Films

Over four hours of 1930s films by Colin McPhee and Miguel Covarrubias are on the YouTube channel Bali1928.net with more films by Rolf de Maré and Claire Holt included on the Balinese DVDs. The McPhee films include illuminating footage of the natural environment and everyday life.

Here – in the upper left corner of each image below – are the film playlists from our Bali 1928 YouTube Channel. Please navigate from each film to another by using our playlist in order to avoid YouTube’s flow to random Bali-related videos:

Bali 1928 vol. I – Gamelan Gong Kebyar:
 Music from Belaluan, Pangkung & Busungbiu

Bali 1928 vol. II : Tembang Kuna • Songs from an Earlier Time: 
Tembang • Kidung • Kakawin from Geria Pidada, Klungkung, Geria Budha, Kaliungu, Banjar Abian Timbul, Geria Tampakgangsul & Penarukan, Singaraja

Bali 1928 vol. III – Lotring and the Sources of Gamelan Tradition:
 Semar Pagulingan, Palégongan, Gendér Wayang, Gambang & Gandrung (Pajogédan) from Titih, Kuta, Pagan, Pura Kawitan Kelaci Tanjung Bungkak & Ketapian Kelod

Bali 1928 vol. IV – Music for Temple Festivals and Death Rituals: 
Gamelan Gong Kebyar with Kakawin & Palawakia, Gambuh, & Angklung from Belaluan, Sésétan, Sidan & Pemogan

Bali 1928 vol. V – Vocal Music in Dance Dramas: 
Jangér, Arja, Topéng and Cepung from Kedaton, Abian Timbul, Sésétan, Belaluan, Kaliungu & Lombok

Mamik Ambar singing Pangkur Sasak & Dangdang Sasak

This video excerpt is one of two additional resources contained in the DVD Bali 1928, vol. II and DVD Bali 1928, vol. V recorded by project coordinator, ethnomusicologist and principal investigator, Edward Herbst, and published in Indonesia by STMIK STIKOM Bali as part of the Bali 1928 Project, “Restoration, Dissemination and Repatriation of the Earliest Music Recordings and Films in Bali.”

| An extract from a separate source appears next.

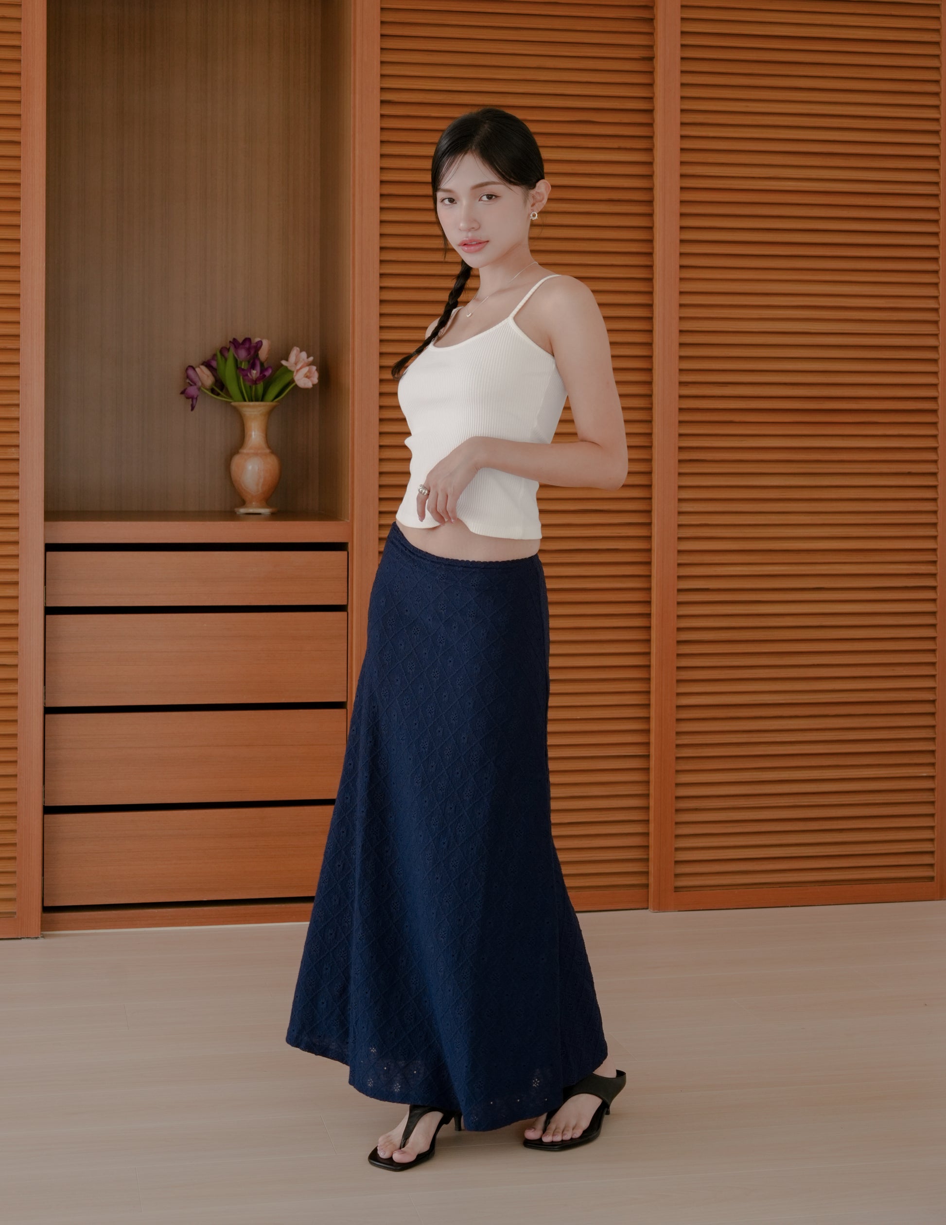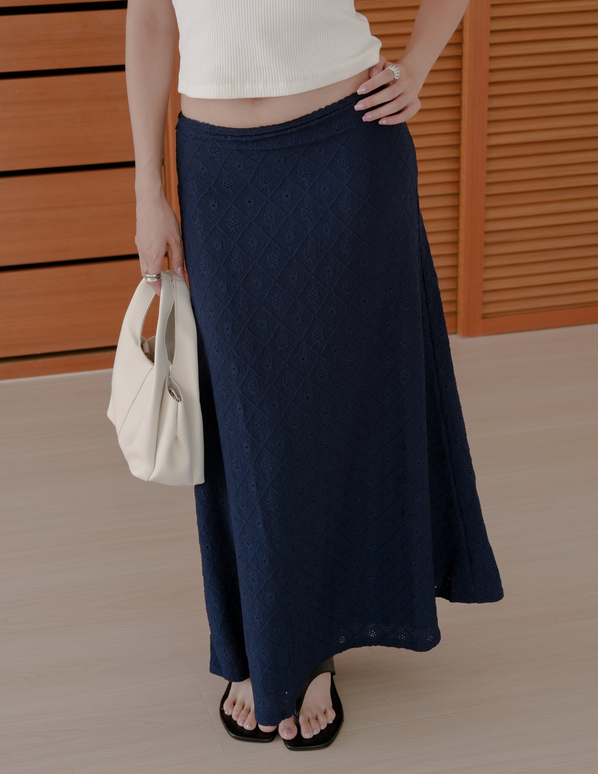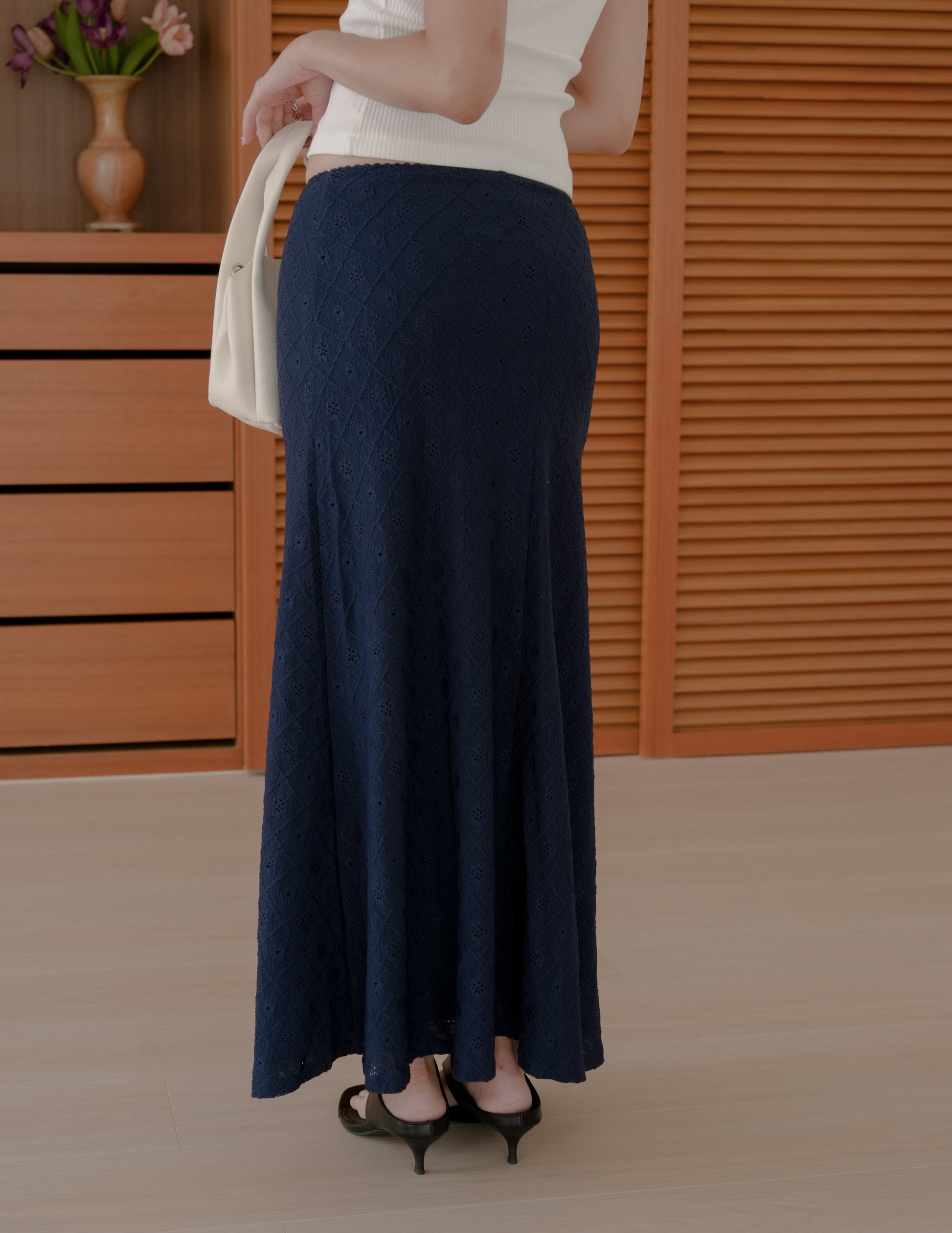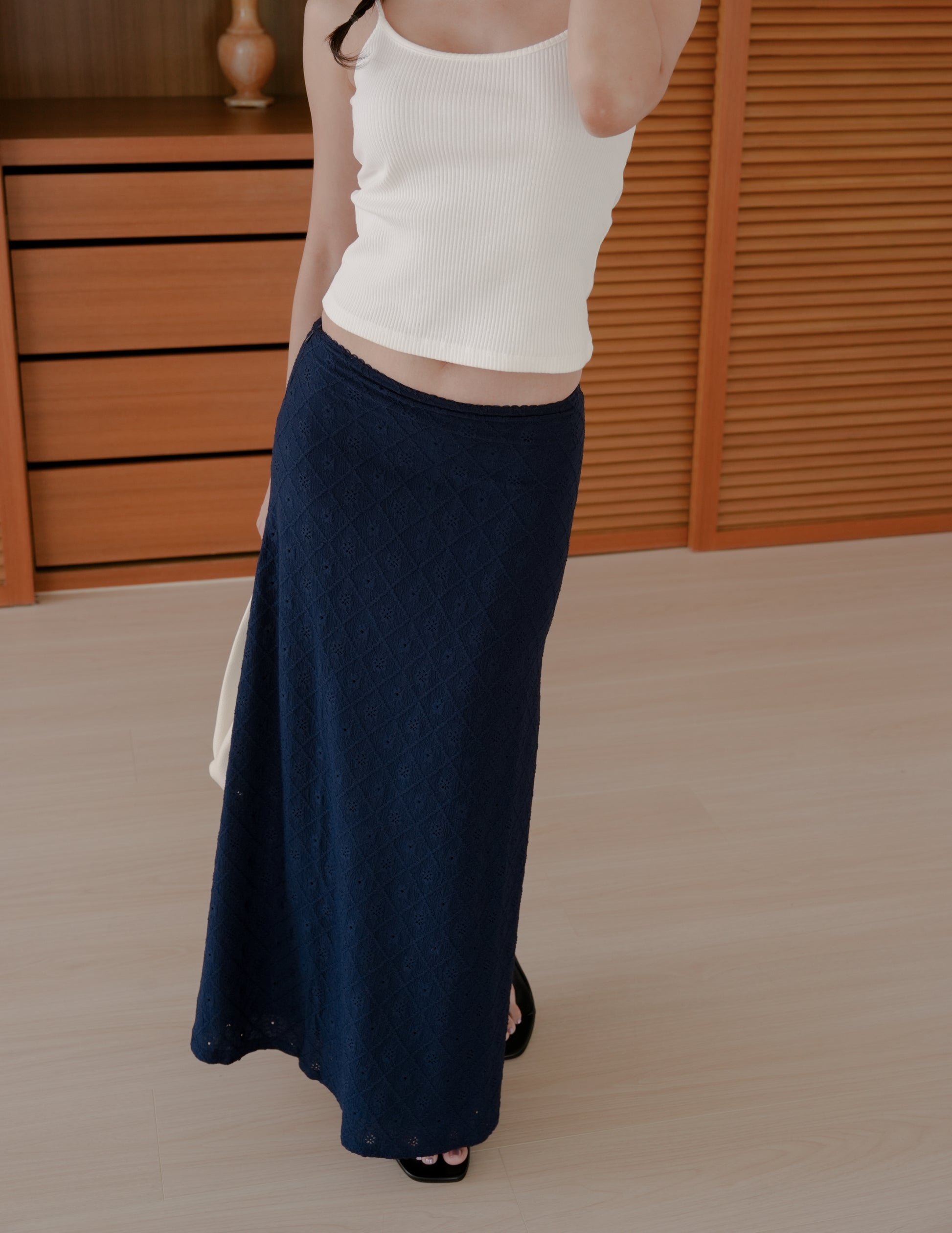 Clarisse Long Lace Skirt in Navy

Mamiq Ambar (1920/1922–2014) was for decades the most celebrated singer of cepung, a Sasak musical genre based on the lontar manuscript Monyeh, written in a Sasak-Javanese script and sung in a combination of Sasak, Balinese and Javanese languages. A cepung group consists of suling ‘bamboo flute’, redep (rebab ‘bowed, upright, spiked fiddle’), pemakhitanaos ‘reader-singer’, punggawa ‘translator’ and penyokong ‘supporter’ who joins in the singing. In Lombok, the public perception of cepung could not be separated from the persona of Mamiq Ambar, often referred to simply as Ambar. Edward Herbst and his Balinese research team visited Ambar at his home in Cakranegara, Mataram, western Lombok, during two extended visits in 2006 and 2009, with an evening music session at the nearby home of his friend Ida Ketut Pidada. The posted video was made by Edward Herbst during a daytime singing session at Ambar’s home.